Y ambos deben saber que el segundo partido va a ser decisivo. Nadie ha remontado un 2-0 en una semifinal y si el Caja Laboral sale de nuevo del Buesa Arena con una sonrisa, más o menos contundente, habrá puesto casi los dos pies en la final. La del domingo es, por tanto, una batalla que el Real Madrid no puede permitirse perder.

 

Algunos apuntes

- Se ha echado mucho de menos a Sergio Llull. Y no sólo en el Real Madrid, sino todo buen aficionado al baloncesto: faltaba su chispa, su magia, para darle un impulso al partido.

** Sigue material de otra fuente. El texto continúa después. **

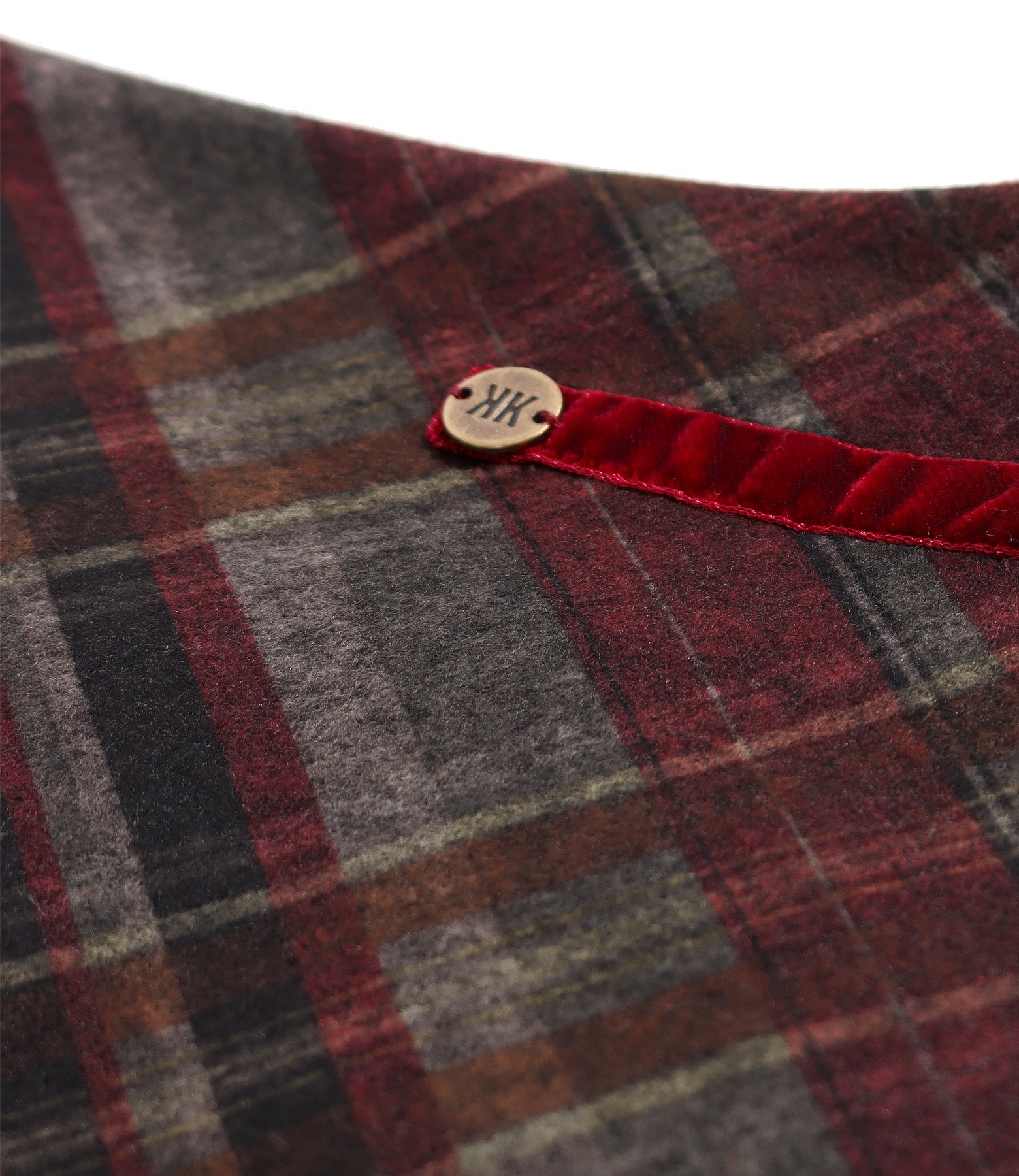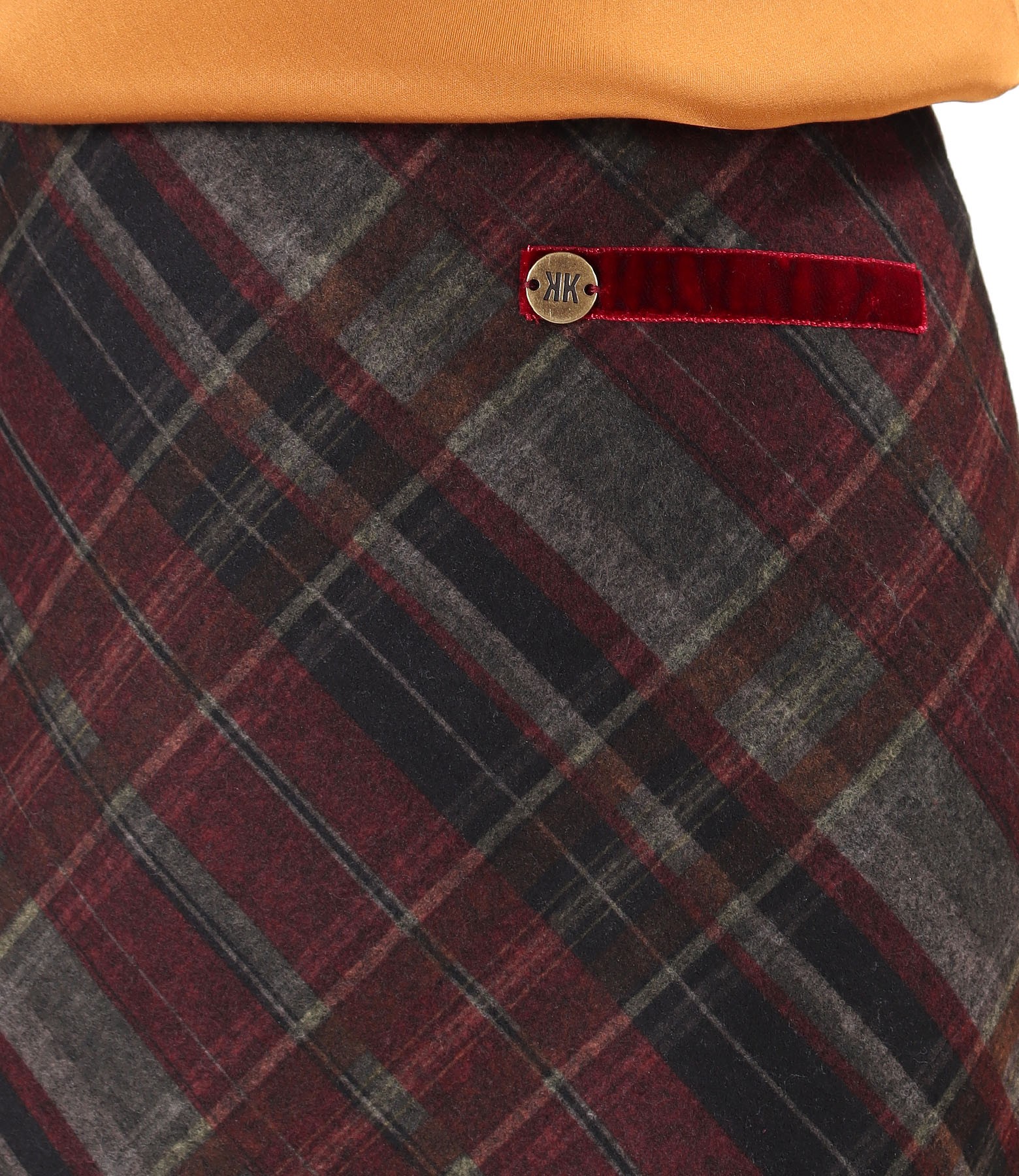 Fusta evazata din stofa elastica groasa cu viscoza in carouri si cu ornament din catifea in talie. Se inchide cu fermoar ascuns pe mijloc spate.

- Las piernas de Oleson. Si la baja de Llull es una mala noticia para todos, que Oleson haya recuperado sus piernas es algo bueno para todo seguidor, baskonista o no. Y me explico: el de Alaska fundamenta su juego en una gran potencia de piernas, que le permite encarar el aro con fuerza pero también levantarse en suspensión con tremenda facilidad. Su lesión de tobillo le hacía medio jugador de lo que en realidad es, pero estando sano vuelve a ser ese torbellino que maravilló en Fuenlabrada. Mi compañero Daniel Barranquero escribe con más detalle sobre ello.

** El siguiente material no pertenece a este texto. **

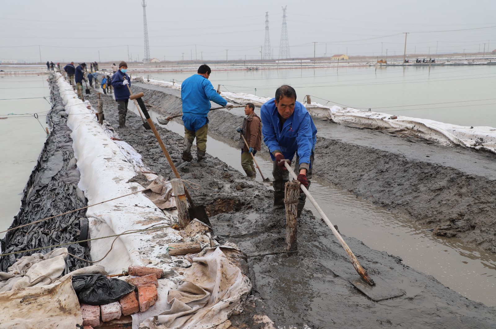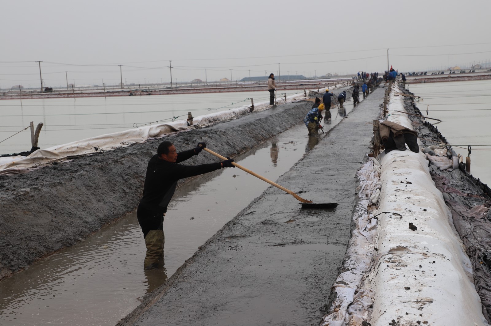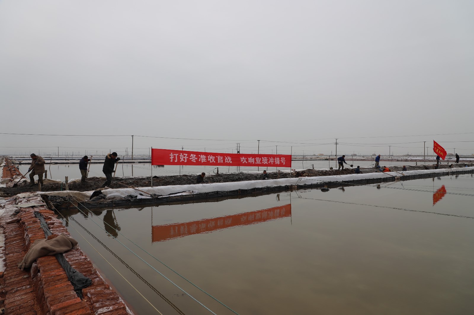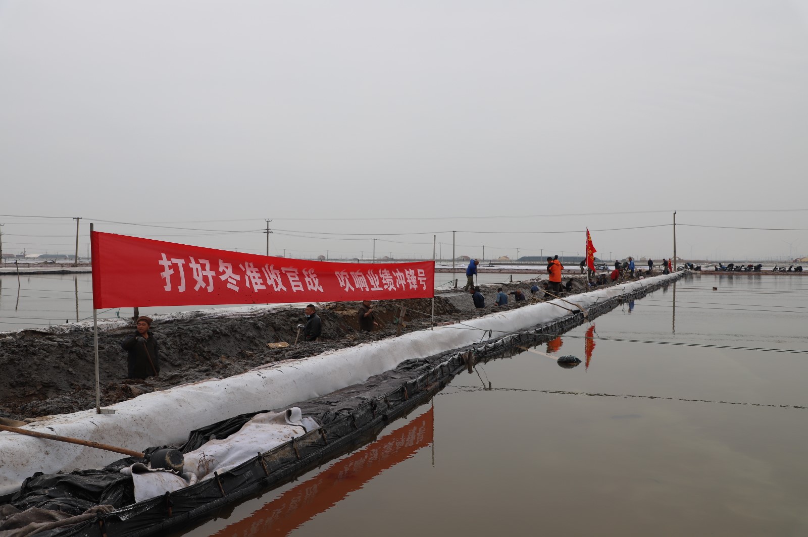 在新河制鹽分公司鹽田地頭的冬準會戰現場,人頭攢動,工人們正動作嫻熟的進行澆水、翻泥、踩實、做埝、整平……,鹽工們全力爭先進位,手腳不停揮鍬挖泥呈現出你追我趕、比肩發力的勞動場景一條條溝道改造、格堰修整等亮化灘場文明建設煥然一新,一幅“人勤春早”的美麗畫卷徐徐展開。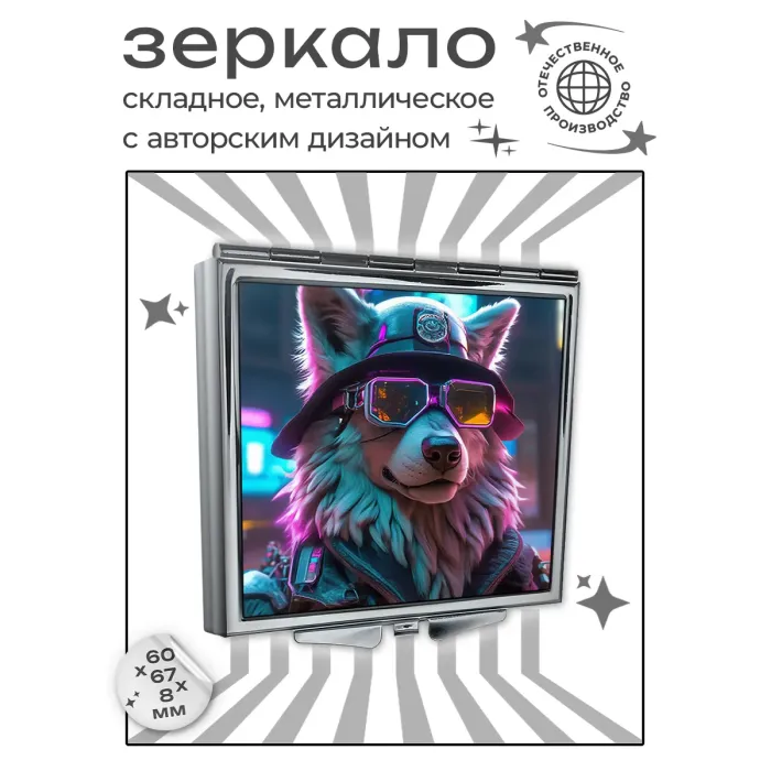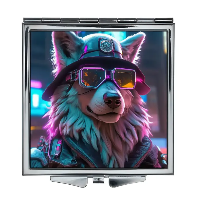 Складное зеркало квадратной формы с изображением служебной собаки. Изготовлено из металла и стекла с полноцветной печатью.

- El de Splitter y Reyes va a ser un duelo precioso toda la eliminatoria. El MVP 2009-10 contra el 2008-09, que no ha podido defenderlo como merecía debido a sus constantes contratiempos en modo de lesiones. Pero ahora sí va a defender su honor, su condición de superpívot. Vaya duelo en el primer partido... ¡Y lo que nos espera!

- La última jugada. El Caja Laboral se anticipó al Real Madrid en defensa y el tiro de Bullock fue en posición muy forzada, fantásticamente defendido por Oleson. Aun a pesar del buen trabajo de los baskonistas, Bullock consiguió armar un tiro con ciertas posibilidades de entrar. Pero no entró, que es lo que en realidad cuenta.

- No he acertado ni una en mis ‘frikiprevisiones’ de este partido. Se acabó mi suerte, por mucho que Velickovic casi fuera el máximo anotador blanco.